The shops and bars were all closed with one shutter being dented and stained with blood, as if someone had tried to use a head as a battering ram, whatever had happened, the authorities were obviously too busy to bother with a few isolated fistfights on incoming flights.
He was standing near the back of a queue that was moving so imperceptibly slowly he half-expected to be passed by a snail in a hurry at any second. They’d been the last flight to land and on the overhead arrivals board, each of the “DELAYED” signs was changing to “REDIRECTED” one at a time.
That provoked a young man waiting for one of the arrivals to throw a punch at a passing member of staff, a middle-aged woman from an airline check-in desk. She jumped back to avoid the blow, tripped over a suitcase and fell backwards into a hen party, sending carrier bags full of duty-free drinks crashing to the floor with a smashing of glass. One of the teenage girls squealed with fury as alcohol splashed onto her dress and bent over to grab the woman by the hair. She grabbed back but only came away with a cheap, plastic, fluorescent-pink wig.
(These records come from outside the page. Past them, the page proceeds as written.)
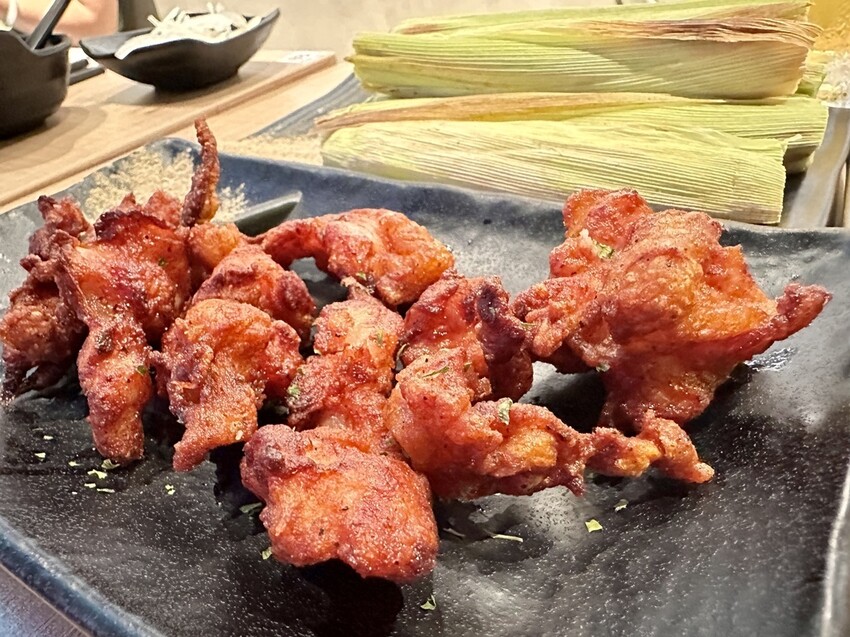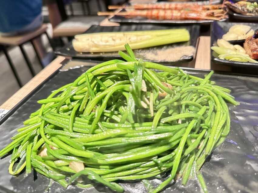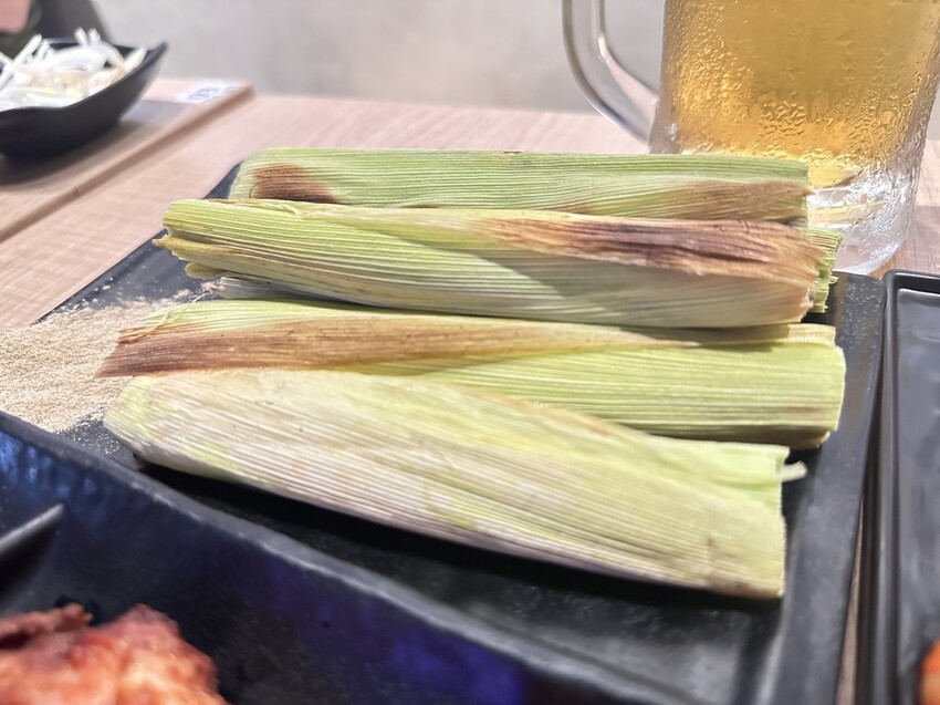 連外殼一起串烤的玉米筍,保留了玉米的香甜,打開外殼後還有其香甜的汁液,單吃青脆或搭配胡椒塩食用增加其口味都很美味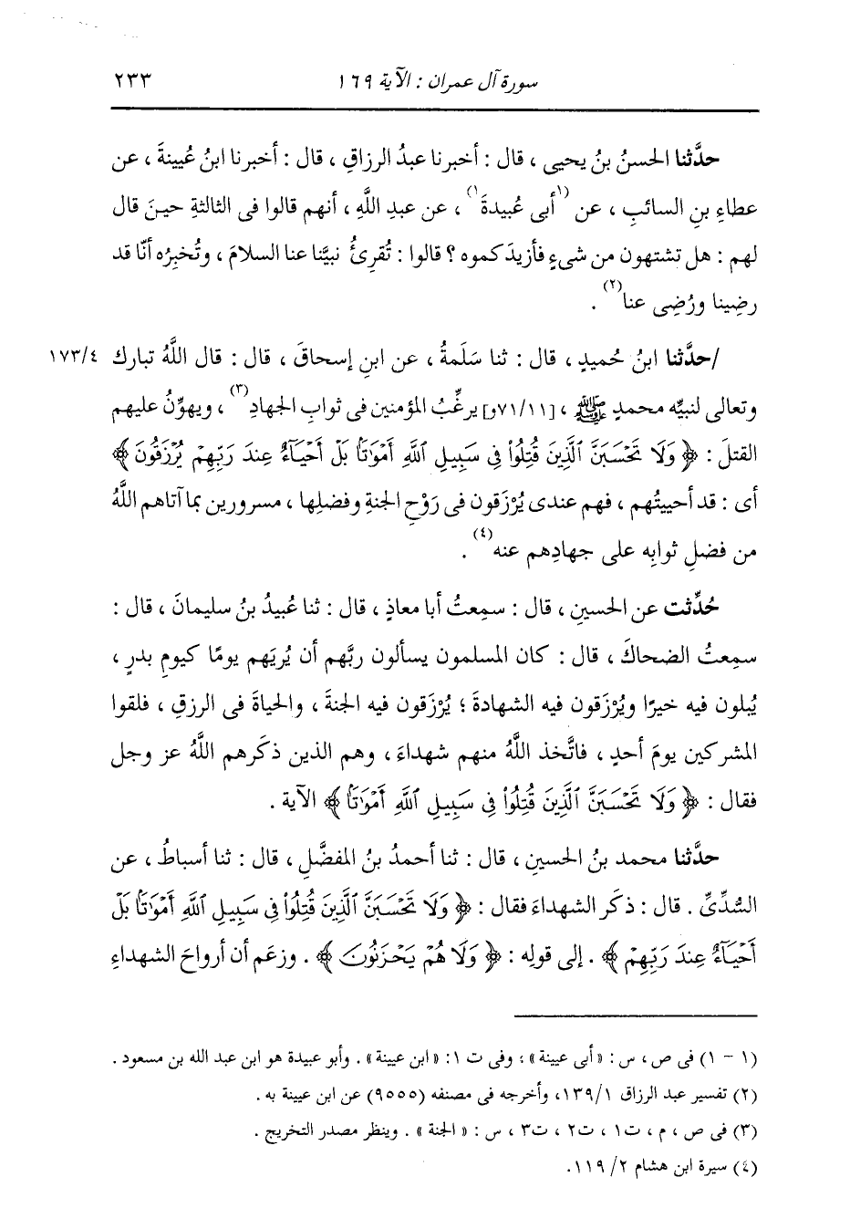 حَدَّثَنَا ابْنُ حُمَيْدٍ، قَالَ: ثنا سَلَمَةُ، عَنِ ابْنِ إِسْحَاقَ، قَالَ: «قَالَ اللَّهُ تَبَارَكَ وَتَعَالَى لِنَبِيِّهِ مُحَمَّدٍ صَلَّى اللهُ عَلَيْهِ وَسَلَّمَ يُرَغِّبُ الْمُؤْمِنِينَ فِي ثَوَابِ الْجَنَّةِ وَيُهَوِّنُ عَلَيْهِمُ الْقَتْلَ» : {§وَلَا تَحْسَبَنَّ الَّذِينَ قُتِلُوا فِي سَبِيلِ اللَّهِ أَمْوَاتًا بَلْ أَحْيَاءٌ عِنْدَ رَبِّهِمْ يُرْزَقُونَ} [آل عمران: 169] «أَيْ قَدْ أَحْيَيْتُهُمْ، فَهُمْ عِنْدِي يُرْزَقُونَ فِي رَوْحٍ الْجَنَّةِ وَفَضْلِهَا، مَسْرُورِينَ بِمَا آتَاهُمُ اللَّهُ مِنْ ثَوَابِهِ عَلَى جِهَادِهِمْ عَنْهُ»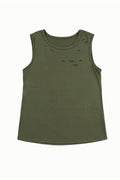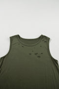 Jungle Green Solid Color Distressed Holes Crew Neck Tank Top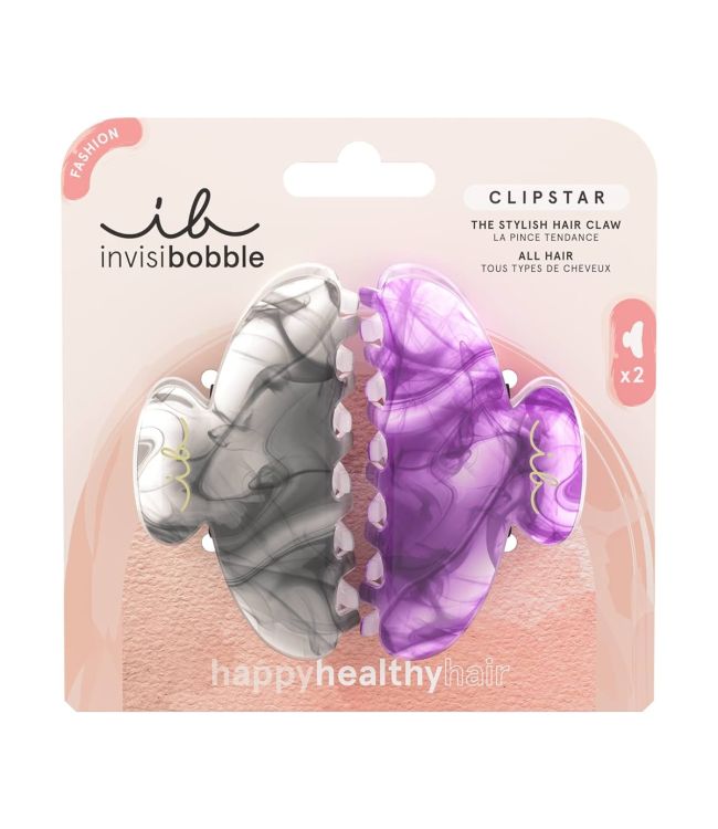 Invisibobble Clipstar My Rainboo 2st. is een set van 2 middelgrote haarklemmen van Invisibobble. My Rainboo zijn twee claw clips met een trendy, tijdloos design. De set bevat een donkergrijze en een paarse haarclip. Meer Lezen

A riot broke out, violence spreading like a virus, with every man, woman, and in one case, guide dog for themselves, hitting, scratching, and biting (not always by the dog) as the police stood quietly on the periphery, like shy teenagers waiting to be asked onto the floor at the school dance.
Cooper had read the aggressive body language all around him long before the trouble started and had taken sanctuary in the toilets. He knew that if he stayed and hit anybody, he risked spending a night in the cells when the police arrested the winners.
He waited in the cubical for ten minutes after the noise outside subsided before walking back into the concourse, which was empty except for overturned desks with boarding passes and passports scattered about like oversized confetti.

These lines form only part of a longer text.